The school seems like a very “social” place and less like an academy– numerous field trips, “sports” days, music and exercise classes and camping overnights pepper the plot and while there is a library and scenes of students doing self-directed physics studies with alcohol burners and beakers, they always take place in Tomoe’s disused railroad cars-cum-classrooms. It’s a challenge only to those readers with a constricted view of what education and learning necessarily mean. For Kobayashi and his students, every experience brings teachable moments and the question begged and answered is why reading about flora and fauna in a textbook is a superior approach when one can go outside for a walk and study the variety of life up close.

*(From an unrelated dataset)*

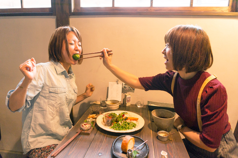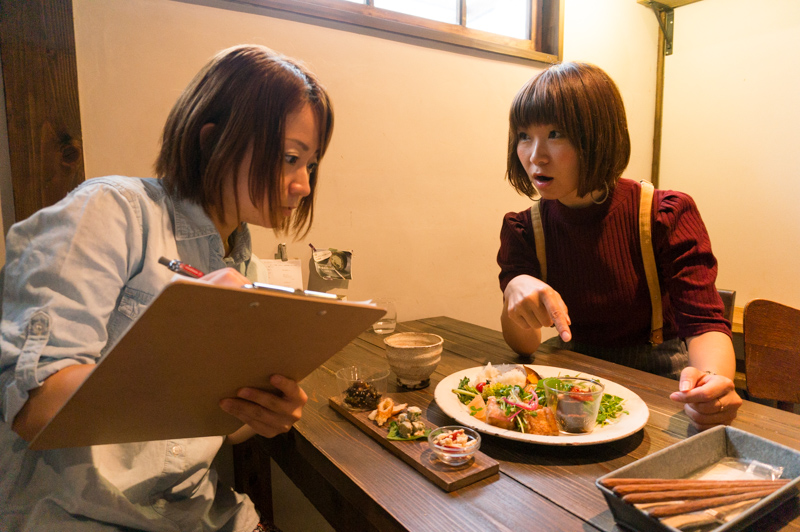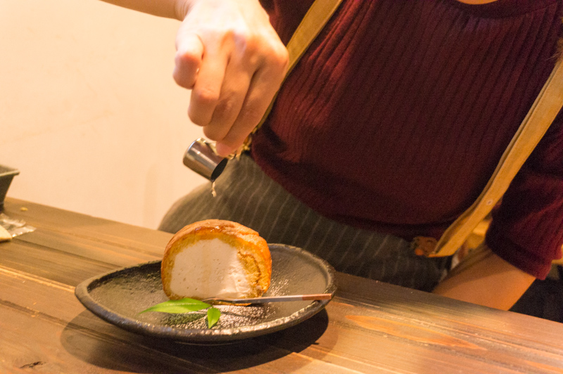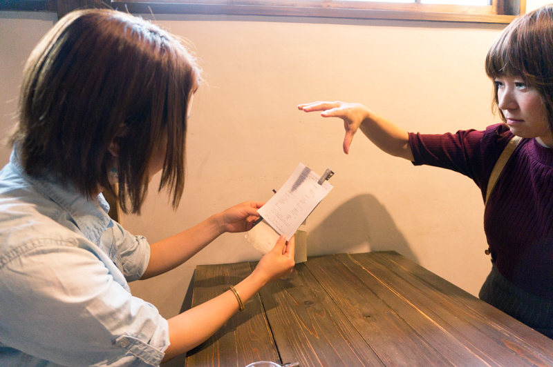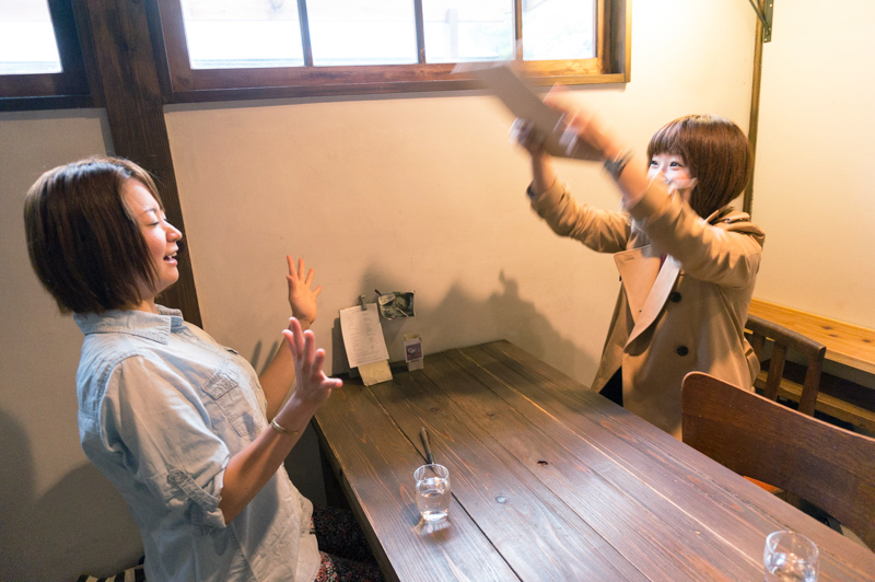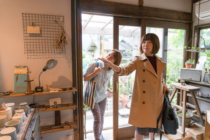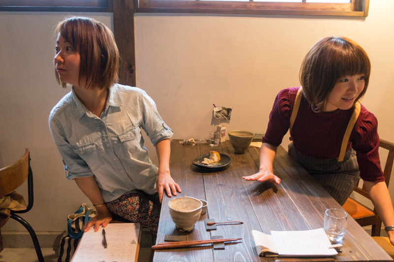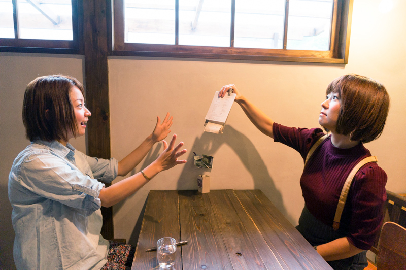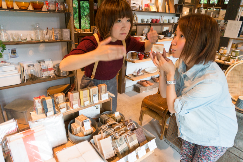 2人が生クリームの行方を探している店内。店舗デザインやインテリアデザインも手がけている草々徒さんならではの古民家をリノベーションした店内です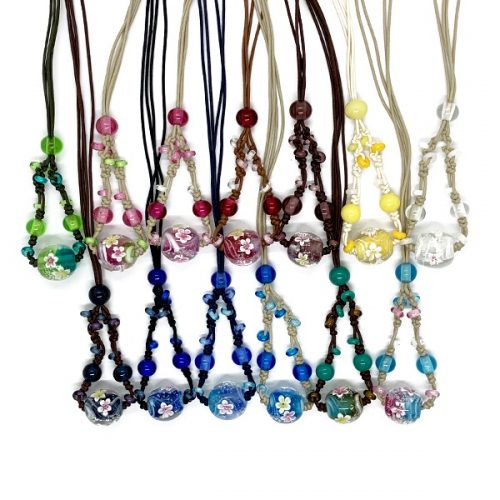 琉球ガラスで製作されたとんぼ玉のペンダントです。とんぼ玉の内部には、目を引くプルメリアの花が見られます。カジュアルな雰囲気を持つワックスコードを使用しており、調節可能なフリーサイズで最大約70cmまで対応できます。

From the view of paranoid American parenting, the children disrobing with their teachers and swimming naked together in the school’s small pool will seem like a perfect opportunity for secret child abusers amongst the faculty to get their jollies. But the lesson here seems to be that every choice in life brings with it risks and if bathing suit-less swim time is a useful means for helping the children (especially the physically handicapped) to appreciate and accept their differences and similarities such that they can have confidence about who they are and act with kindness towards everyone else, the risk of something monstrous or mean-spirited in such an environment might be a better risk to take than watching certain individuals grow up feeling alienated from themselves and others for lack of such experiences.

Indeed, those same paranoid parents would be wondering how a child could ever develop a moral sense without correction and punishment from adults. It is enjoyable, then, to witness the many moments when Totto-chan attempts to do something underhanded or less than honest (with herself, her parents or her friends) but recognizes the moral inconsistency of her actions on her own and eventually makes amends and moves on. It makes you think that children are capable of so much more than they are given credit for, typically, and that maybe the moral failings of children reflect not their immaturity, but the perverse incentives of the adults who guide them.

This is a humorous book, as well. There were many moments when I couldn’t help but laugh out loud and recount a passage to someone nearby, they’re just too good not to share. And thankfully, there are moments of profound tragedy and despair. I say thankfully, because it is in these recollections that we are truly reminded of how precious life is and what a wonderful gift a school like Tomoe is.

One of those tragedies is that the Tomoe school burned to the ground near the finale of the Pacific War as Tokyo came under increased firebombing by the US Air Force. It’s a stark reminder of the injudiciousness and unfairness of war, even though it is recounted without particular frustration or anger on the part of the author (a testament to the empathetic spirit of the school itself!) But there is also a lesson in the resilience of the creative spirit, as Kobayashi’s only response is to ask, “What kind of school shall we build next?”

The good news is that we don’t have to suffer war or burn our schools down to ask that question ourselves.

I think this book can be enjoyed by children, parents, families, teachers and social theorists and anyone concerned with building a more empathetic society built upon respect for the individual and the instinct of trusting oneself.